Cryptocurrency is gaining popularity among investors for various reasons, including its unique structure and the potential for high returns.
According to Chainalysis, 15 million Indians are now trading digital coins, and CoinSwitch Kuber records about 14+ million users in their platform alone. This puts India on par with the United States, where 23 million people currently trade cryptocurrency.
While most people are familiar with common currencies and assets, potential investors are unaware of the vast array of assets available or how they work.
Before you invest, you should be aware of the volatile nature of various cryptocurrencies and potential security, legal, accounting, and tax concerns. In the subsequent sections, We'll go over the potential risks in crypto investing and ways to manage the risks involved in cryptocurrency trading.
High volatility
Volatility is one of the factors driving the crypto market. If you don't know what volatility means, it is the sudden shifts in market sentiment that can result in significant and rapid price movements.

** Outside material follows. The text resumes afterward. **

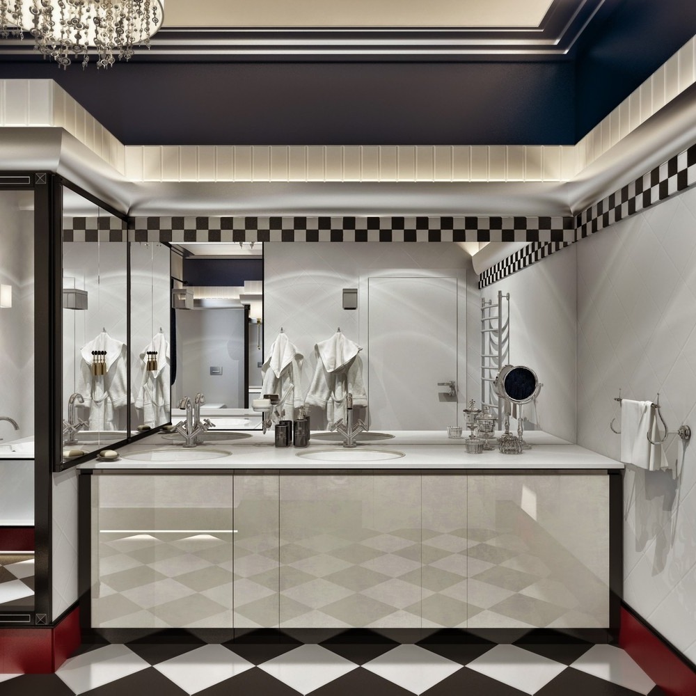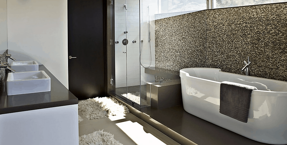 Просторные помещения позволяют расставить мебель так, чтобы не допустить её прямого контакта с влагой. Кроме того концентрация пара в них тоже минимальна, потому и материал для изготовления мебельного гарнитура может быть любым.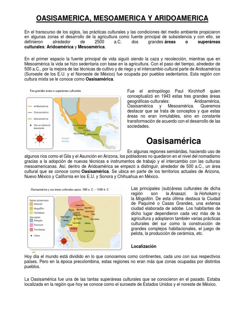 Oasisamerica significado de aridoamerica. Se conoce como oasisamérica a una región cultural muy específica dentro de una mayor llamada aridoamérica los pobladores oasisamericanos desde el año 500 a c. Esta área se caracteriza por tener varios tipos de clima y cuenta con tierra cultivables gracias a la abundancia de ríos y lagunas en la zona. Es el nombre de una superárea cultural de la américa del norte precolombina. Oasisamérica es el término usado por algunos científicos principalmente antropólogos mexicanos para definir al amplia área cultural que abarca el suroeste precolombino de américa del norte cruzando de sur a norte méxico a diferencia de sus vecinos del desierto los oasisamericanos fueron agricultores sedentarios aunque las condiciones climáticas no les permitían una agricultura.

Volatility is not something that is only concerned with the crypto market. They are visible in other financial sectors, but the intensity and spread are higher in the crypto space. There are several reasons for the high volatility in the concerned asset class, including its nascent schematics as compared to other forms of investment.
But there are a few reliable and relevant methods to deal with it like a boss. Let's go over it in more detail later in the article.
Market risks
Like other commodities, crypto assets are exposed to risks arising from market movement. There are two types of risks associated with cryptocurrency trading, i.e., systematic risks and unsystematic risks. The systematic risk is present in all cryptocurrencies because it is inherent in the crypto markets. Unsystematic risk, which is particular to a single crypto asset, could involve a change in the company's fundamentals.
Tax-based concerns
There is some uncertainty regarding the tax status of cryptocurrency investments and returns. Depending on the jurisdiction, bitcoins and other cryptocurrencies may be classified as assets in certain countries and as currency in others.
For example, El Salvador has made Bitcoin a legal tender. Whereas in countries like the US and Canada, trading in virtual currencies is legal. On the other hand, China and Russia have even prohibited trading practices.
Purchases and transactions in digital currency, for example, may be subject to sales or value-added taxes (VAT). Depending on where they tango, digital currency investors may need to seek tax advice on a regular basis.